Angesichts dieses sehr hohen Rückstandes und unter Berücksichtigung des Umstandes, dass der Konkurs gegen den Bf. am 28. Juli 2003 mangels Kostendeckung vom LG F aufgehoben wurde, ist daher auch ohne nähere Konkretisierung der Vermögen- und Einkommensverhältnisse durch den Bf. offenkundig, dass eine Gefährdung der Einbringlichkeit vorliegt. Der unabhängigen Finanzsenat zieht aus der Gesamtbetrachtung der angeführten Umstände auch zwingend den Schluss, dass es sich bei dem Vorbringen des Bf., er sei nunmehr in der Lage, vereinbarte Zahlungen zu leisten, um eine reine Schutzbehauptung handelt, welche lediglich dazu dienen soll, Zweifel an der Gefährdung der Einbringung zu beseitigen. Der Bf. hat bekanntermaßen über einen langen Zeitraum sämtliche Zahlungsvereinbarungen nicht eingehalten. Wäre der Bf. tatsächlich in der Lage, die vereinbarten Ratenzahlungen wenigstens seit Aufhebung des Konkurses zu leisten, so wäre es eine Selbstverständlichkeit gewesen, zwischenzeitlich mit diesen Zahlungen anzufangen. Dies ist jedoch nicht erfolgt und für den Bf. ganz offensichtlich nach wie vor auf Grund der bestehenden wirtschaftlichen Notlage unmöglich.

Die Einbringlichkeit der Geldstrafe ist aus den o.a. Gründen als gefährdet anzusehen. Es erübrigt sich auf Grund dieser festgestellten Gefährdung der Einbringung darauf einzugehen, ob die sofortige oder sofortige volle Entrichtung der Geldstrafe für den Bf. mit erheblichen Härten verbunden ist.
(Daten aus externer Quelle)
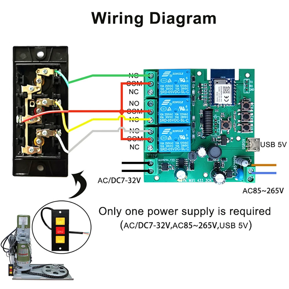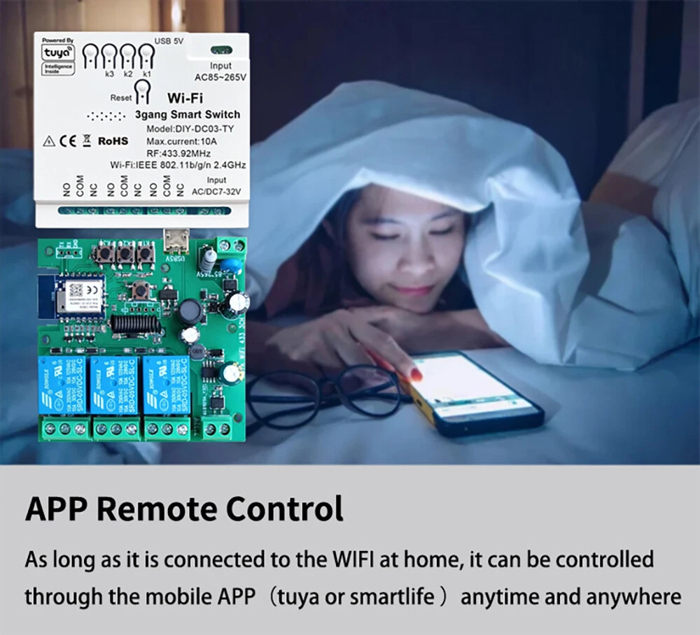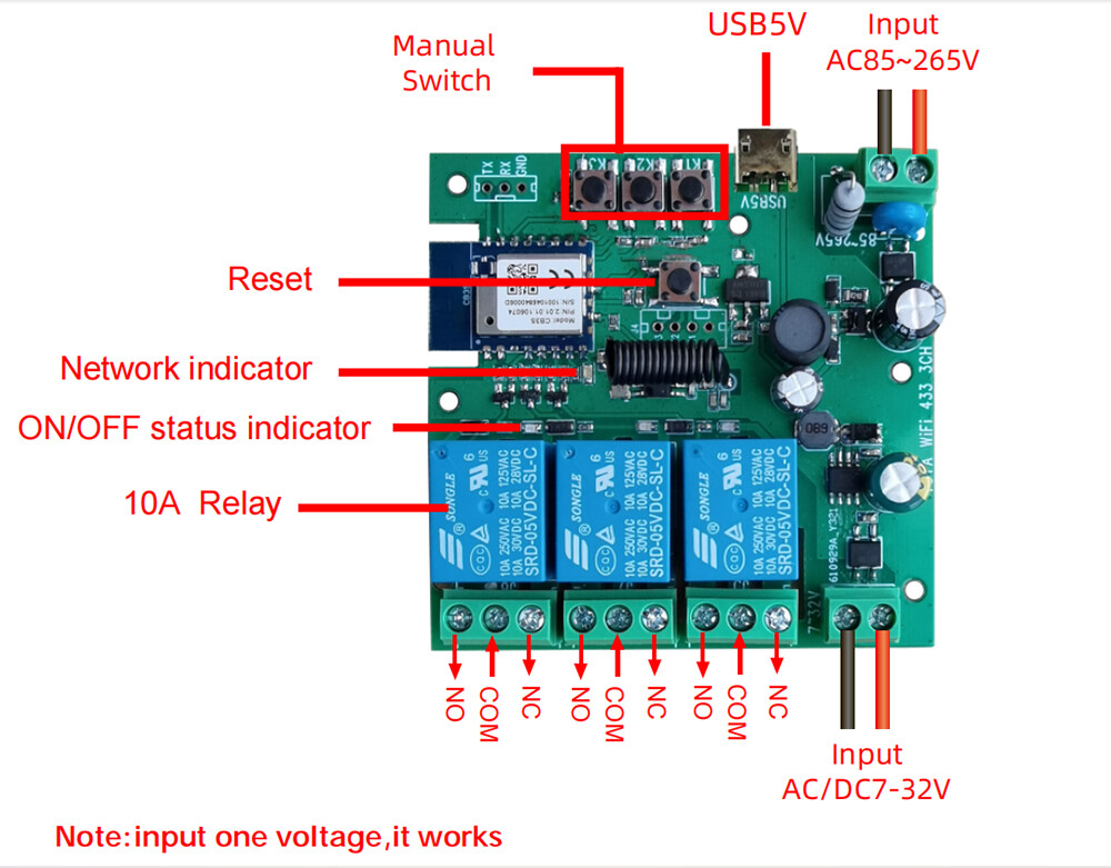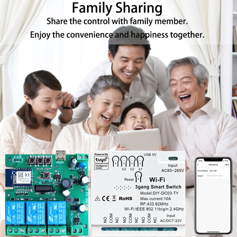 Product Description If you have any questions, please contact customer service first, do not open disputes easily, thank you! Features: This 3 gang smart switch work with tuya app and smartlife APP This relay module is also support Alexa and google home . This relay module has inching, self-locking, interlocking, timing, countdown function. This relay module still has RF 433 function,Only 433Mhz learning code remotes are supported. This relay module is available for Entrance guard,Elevator,Roll-up doors ,Computer, Car, Light ,Garage door,etc... Specifications: Input voltage :AC/DC 7-32V , AC 85-250V, Micro USB 5V input.(only one power supply is required) Max current : 2200W/10Agang. Max load:3500W/10A/3gang. WiFi standard : WiFi 2.4 ghz b/n/g. Radio frequency: 433MHz If you need voice control, you can match the voice audio, such as Alexa, etc. . Package Includes: 1pc*Switch About Us We accept all payments authorized by eBay. powered by

Es liegen somit die gesetzlichen Voraussetzungen für die Gewährung einer Zahlungserleichterung zur Entrichtung der Geldstrafe in Raten nicht vor, weshalb spruchgemäß zu entscheiden war.

Rechtsmittelbelehrung

Gegen diese Entscheidung ist gemäß § 164 FinStrG ein weiteres ordentliches Rechtsmittel nicht zulässig. Es steht Ihnen aber das Recht zu, gegen diesen Bescheid binnen sechs Wochen nach dessen Zustellung Beschwerde beim Verwaltungsgerichtshof und/oder beim Verfassungsgerichtshof zu erheben. Die Beschwerde beim Verfassungsgerichtshof muss -abgesehen von den gesetzlich bestimmten Ausnahmen - von einem Rechtsanwalt unterschrieben sein. Die Beschwerde beim Verwaltungsgerichtshof muss - abgesehen von den gesetzlich bestimmten Ausnahmen - von einem Rechtsanwalt oder einem Wirtschaftsprüfer unterschrieben sein.

Gemäß § 169 FinStrG wird zugleich dem Amtsbeauftragten das Recht der Erhebung einer Beschwerde beim Verwaltungsgerichtshof eingeräumt.